Jayapura, Jubi – Massa aksi menyebut demonstrasi “Papua Darurat Militer dan Kemanusiaan” di Kota Jayapura sempat diwarnai kericuhan antara peserta aksi dan pihak kepolisian, karena tembakan gas air mata ke arah massa aksi.
Insiden itu terjadi di depan Detasemen Zeni Tempur 10/Ksatria Yudha Dharma atau Denzipur 10/KYD di Waena, Distrik Heram, Kota Jayapura, Papua, Senin (27/4/2026) pagi.
Negosiator massa aksi, Yohanis Walilo mengatakan ketika itu personel polisi dan Brimob memblokade massa dari beberapa titik kumpul di sekitar Waena yang hendak menuju ke kawasan Lingkaran di Abepura, Distrik Abepura, Kota Jayapura.
Pihaknya berupaya bernegosiasi dengan kepolisian. Namun negosiasi itu tidak menemui titik temu. Siatusi pun memanas dan polisi menembakkan gas air mata. Padahal ketika itu, pihaknya berupaya mengkoordinir massa aksi untuk mundur perlahan.
“Situasi berubah ketika aparat disebut memberikan perintah berbeda di lapangan. Perintah dari Polres berbeda lagi. Kami mau sambil negosiasi, pelan-pelan mundurkan massa, tetapi mereka langsung [menembakkan gas air mata] dan dibalas lemparan batu oleh massa aksi,” kata Yohanes Walilo usai kericuhan.

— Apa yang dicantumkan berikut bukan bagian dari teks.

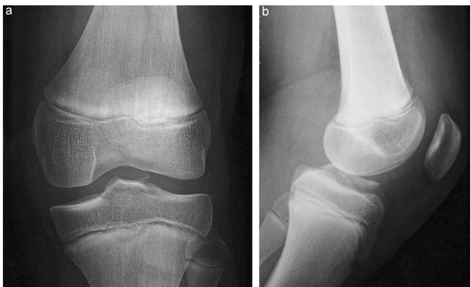
Figure 2 AP (2a) and lateral (2b) pre-operative X-ray of type-II tibial eminence fracture; 12 year-old boy.

100, 100 representing maximal everyday and sports activity without restriction or symptom. The 13 patients seen for arthrometry were assessed by two examiners, external to the hospital in which the children had been operated on, so as to optimize objectivity. Table 2 presents data for this subpopulation. All 13 patients completed the subjective IKDC [9] and ARPEGE [12] questionnaires. Physiotherapeutic assessment was performed on both knees with manual testing to assess laxity and mobility and complete the IKDC clinical checklist. Mean anterior ligament laxity was calculated from the KT 1000® data and compared between knees. Ipsilateral quadriceps force was measured in kg using a dynamometer and expressed as a percentage of the contralateral (healthy) value.
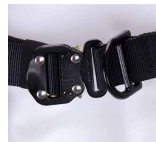
Quick connect buckles
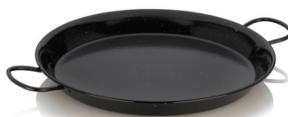
12.5" Paella Pan
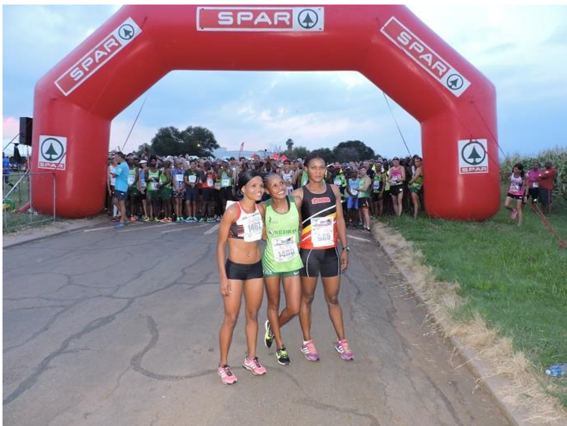
The three top ladies at the start
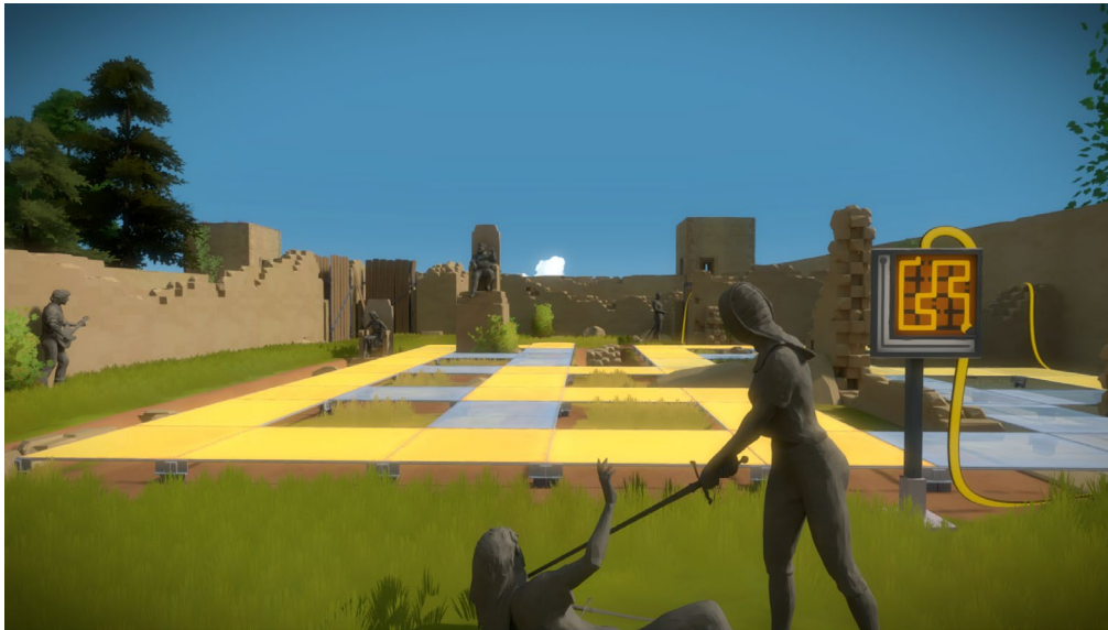
Figure 3: An intradiegetic puzzle interface in The Witness (far right) and its manifestation in the gameworld (background center)

demarcating regions, or drawing specific shapes. The significance of solving puzzles also varies; while most simply unlock progress to the next puzzle, a door, and eventually a key of sorts that grants access to the final challenges, some puzzles create paths for the player to walk on, i.e. they transform the gameworld itself (see Figure 3, background).
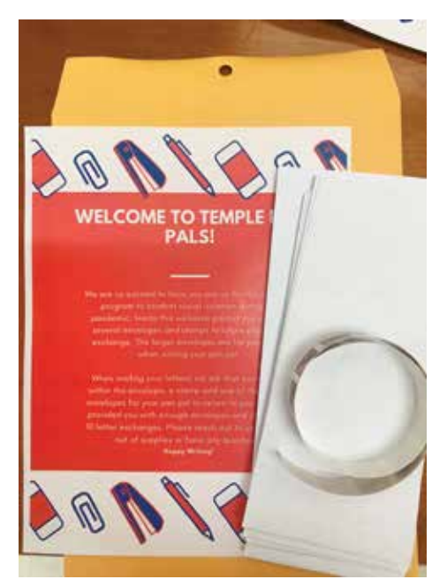
Participants in the Temple pen pal program receive a welcome packet with their first letters.

most vulnerable have increased the prevalence of social isolation among older Americans, putting them at greater risk of depression, falls, hospitalization, all-cause mortality, and cognitive decline. Social distancing, alongside shortages of personal protective equipment, has also limited the variety of clinical experience and service opportunities available to healthcare students as they strive to build their knowledge base, communication skills, and connections to the communities they will serve.
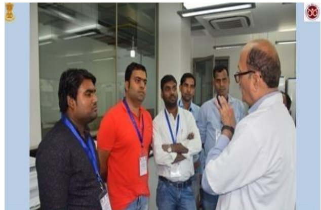
“Six Days Residential Training Program for Training of Trainers for Strengthening of Blood Services in the State of Uttar Pradesh: 23.07.18-28.07.18”
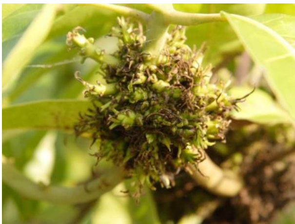
Figure 17. Mango Malformation

Species identification - Internationally there are many Fusarium Spp. associated with
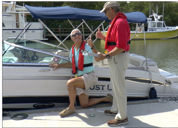
Another successful VSC experience
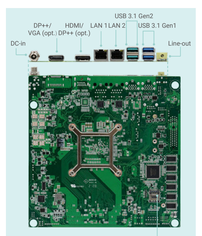
Nano SIM Socket (connected to M.2 B key)

The main reason why DFI was finally selected among many competitors is not only because of its excellent product quality, but also because of its mission-oriented customer service. As early as November 2020, DFI quickly sent samples and fully responded to customer needs. Due to the demand for three additional video outputs, DFI customized for this by modifiying to two internal eDP and one
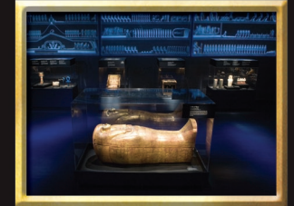
Death, Burial and the Afterlife
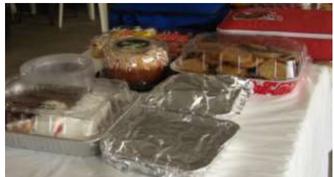
Partial desserts before, not much left to take pictures after
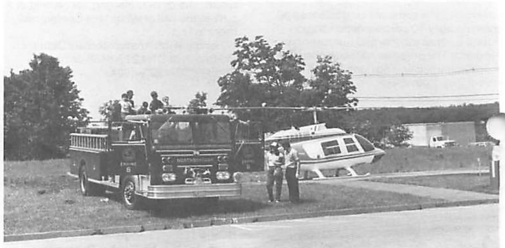
A Northboro town fire engine, Digital helicopter, antique trucks and midget race cars were side attractions to the day's events.
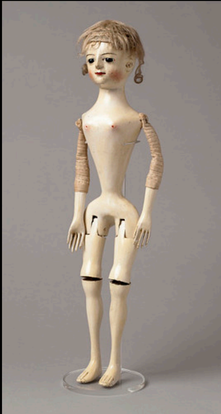
English Wood Carved Doll c. 1700 - 1720 (Victoria & Albert Museum)
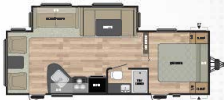
2660RL WEIGHT: 6057 LENGTH: 28' 11"
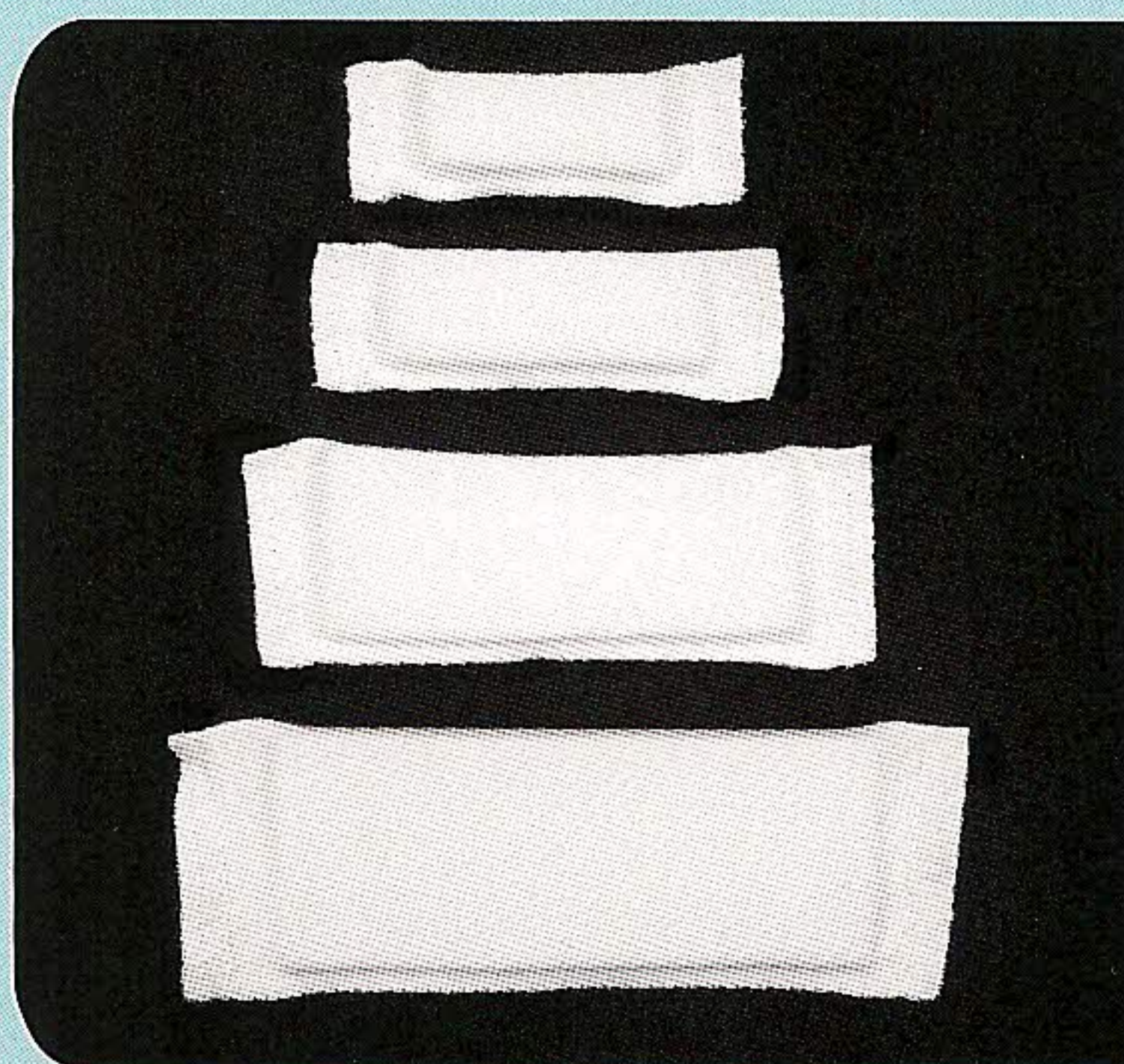
Preemie, Neonatal, Pediatric and Child-Size Armboards
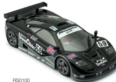
RS0100 Ueno Clinic #59 24h Le Mans 1995 Winner
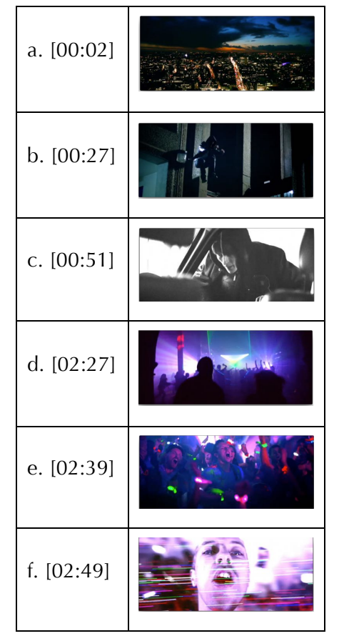
FIGURE 7a-f: "Charlie Brown" music video screenshots.

The style choices and gestures reflect the urban "outsider" theme: the dark clothing and night setting are a foil to the neon lights, graffiti, and Xylobands of the concert setting. The video features Shameless star Elliot Tittensor and Misfits star Antonia Thomas (Curtis Brown 2012). The subject's gestures include a series of parkour movements. Parkour, sometimes referred to as freerunning, is a style of movement, performed by a traceur , that is derived from military obstacle course training (Parkour Generations 2014). It involves climbing walls, vaulting, jumping, and navigating between obstacles. These actions have found their way into popular culture through street performance, film, television and video games. The subject of "Charlie Brown" is a traceur, someone who transgresses physical boundaries and claims his urban space in and through his own physical power. When the subject and his girlfriend arrive at the concert, the physical gestures are those of ecstatic audience members: dancing, spinning, and singing. The musical event is shown as a site of communal power and social liberation, an age-old theme for popular music, to be sure, but one that is given a new millennium context through the representation of technology and contemporary dance culture.
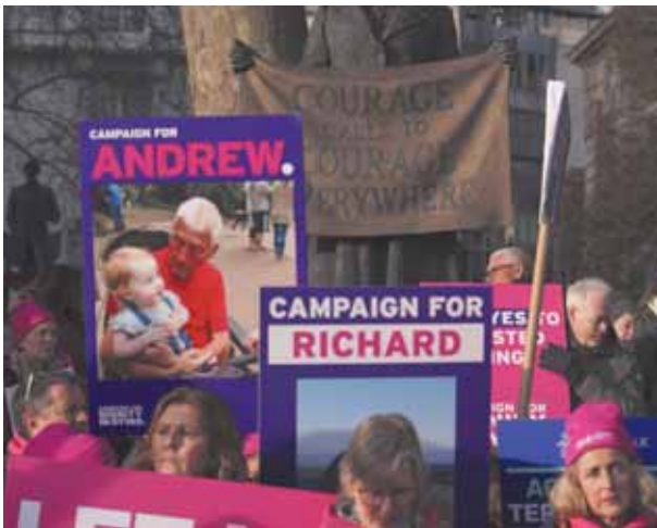
Pro legal assisted dying supporters demonstrate in front of Parliament in London on Friday as British lawmakers started a historic debate on a proposed to help terminally ill adults end their lives in England and Wales.

The debate is set to be impassioned, touching on issues of ethics, grief, the law, religion, crime and money. Many lawmakers plan to recount personal experiences while others
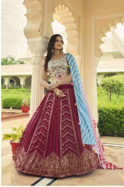
extreme beauty of delicacy 2194
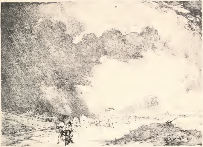
SOMEONE GOT NEWS THAT HIS FAMILY HAD FLED DURING THE INVASION
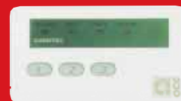
Gardtec ACE Receiver
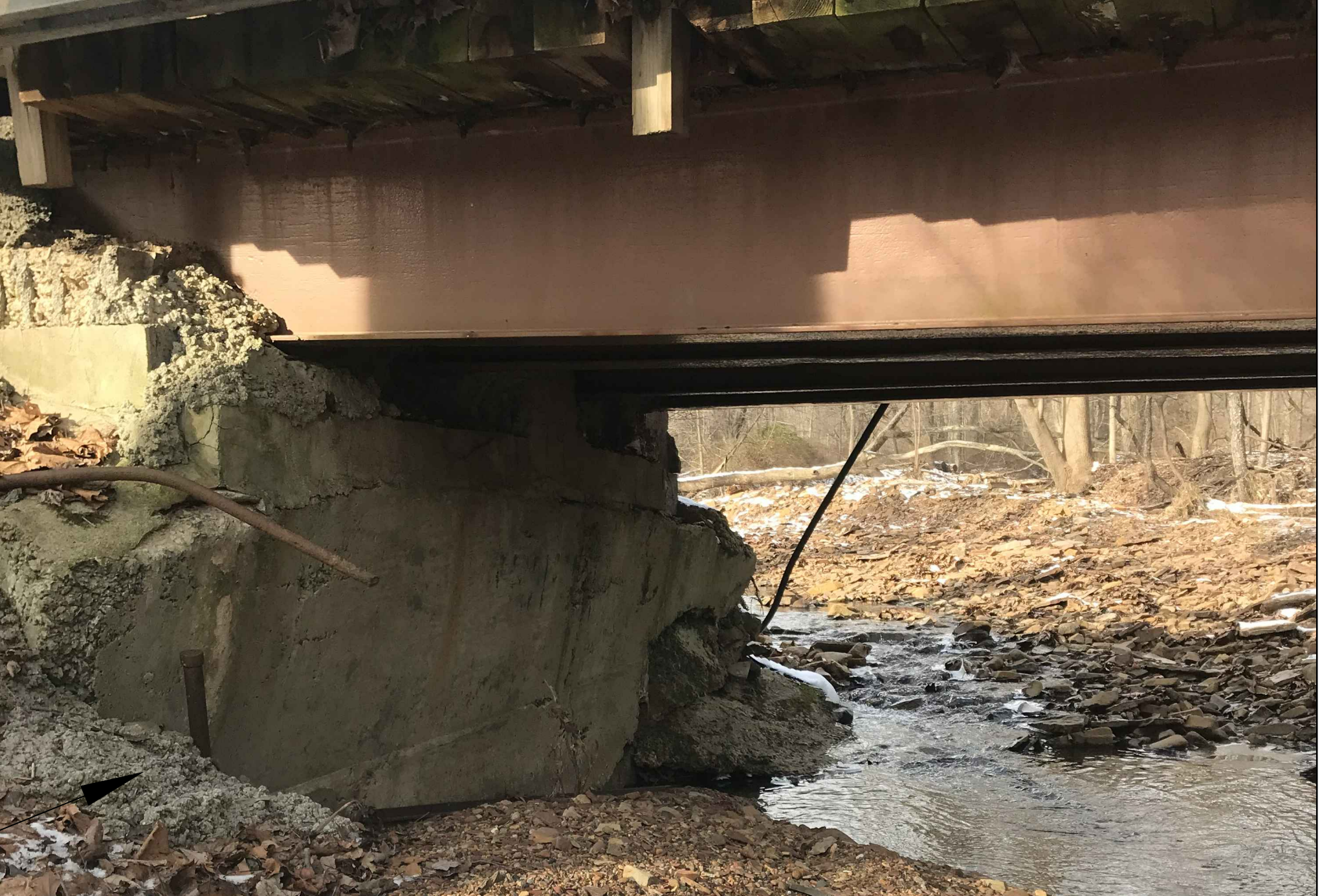
TYPICAL PREVIOUS STABILIZATION MEASURES
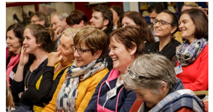
Social Enterprise Expo 2019

“They trained up people who wouldn't easily get work elsewhere, people who were ex-drug addicts, ex-offenders, people with disabilities, so there was a benefit there and because the labour is from the local community and the activity is based in the local community, there is economic gain for the area as well. You've got a triple benefit in that social economy project.”
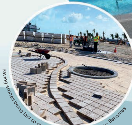
Paving stones being laid to make a pathway - Ocean Cay - Bahamas
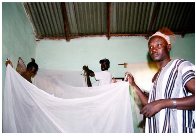
The distribution of insecticide-treated bed nets is a key intervention in malaria control.

Given the disease kills millions and is readily preventable and treatable, the authors encourage the international community to seize the opportunity to reduce massively this human disease burden at such a low cost.
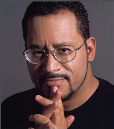
MICHAEL ERIC DYSON, PH.D.

Dr. Michael Eric Dyson is an American Book Award recipient and two-time NAACP Image Award winner. He is one of the nation's most influential and renowned public intellectuals. He has been named one of the 150 most powerful African Americans by Ebony magazine. Dr. Dyson's pioneering scholarship has had a profound effect on American ideas. His books provide some of the most significant commentary on modern social and intellectual thought, interwoven with a combination of cultural criticism, race theory, religion, philosophical reflection, and gender studies. Some of his books provide significant contributions in the area of race and culture, and they include: Making Malcolm X ; I May Not Get There with You ; Come Hell or High Water: Hurricane Katrina and the Color of Disaster ; Debating Race and The Black Presidency: Barack Obama and the Politics of Race in America .
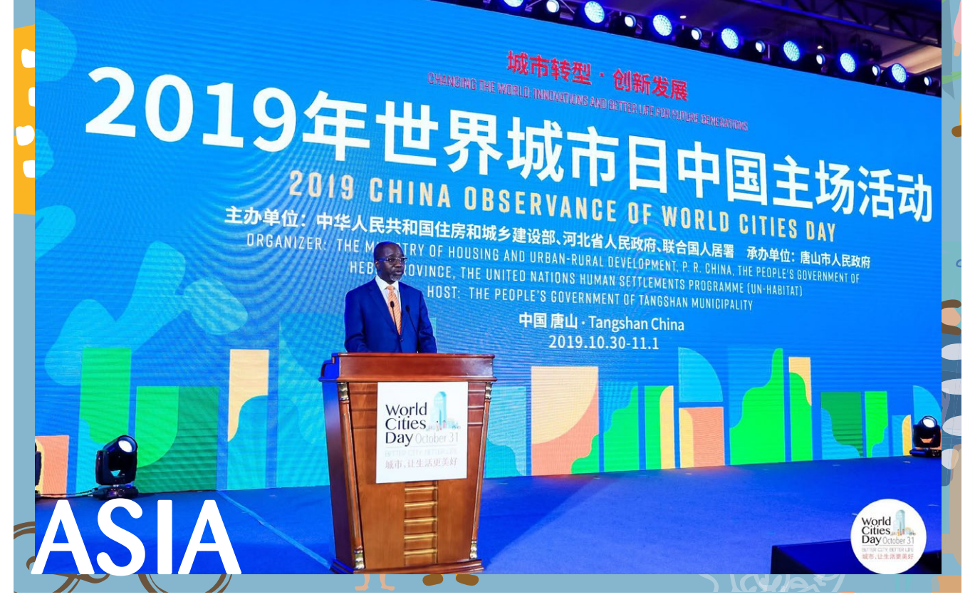
UN-Habitat Deputy Executive Director Victor Kisob addresses 2019 China Observance of World Cities Day in Tangshan City

Menurutnya, situasi pun memasan dan massa akhirnya berlarian menghindari tembakan gas air mata.
“Setelah aparat melepaskan gas air mata ke arah massa, kondisi kemudian memanas dan memicu kepanikan di lokasi aksi,” ujarnya.
Katanya, sebelumnya massa yang berasal dari kawasan Expo meminta difasilitasi untuk diantar atau dibubarkan secara tertib. Namun, situasi di lapangan berubah setelah adanya instruksi dari pihak keamanan.
“Setelah itu baru pihak kepolisian, mungkin ada perintah dari atas, berubah lagi. Mereka suruh kami mundur pelan-pelan, lalu ditembak gas air mata,” ucapnya.
Ia juga menyebut sejumlah negosiator mendapat pukulan tongkat saat situasi ricuh. Massa aksi kemudian terpencar dan membubarkan diri dari lokasi kejadian.
Sementara itu, Kepala Kepolisian Resor Kota (Kapolresta) Jayapura Kota, Kombes Pol Frederickus W.A. Maclarimboen, menolak memberikan keterangan lebih lanjut saat dikonfirmasi. “Masih aksi ini,” katanya singkat.
Berdasarkan pantauan Jubi hingga pukul 10.15 WIT, massa aksi kembali berkumpul dan berorasi di Perumnas II, Waena, dengan pengawalan ketat aparat keamanan. Setelah itu, massa kembali melakukan long march menuju Abepura melalui jalan potong Perumnas IV. (*)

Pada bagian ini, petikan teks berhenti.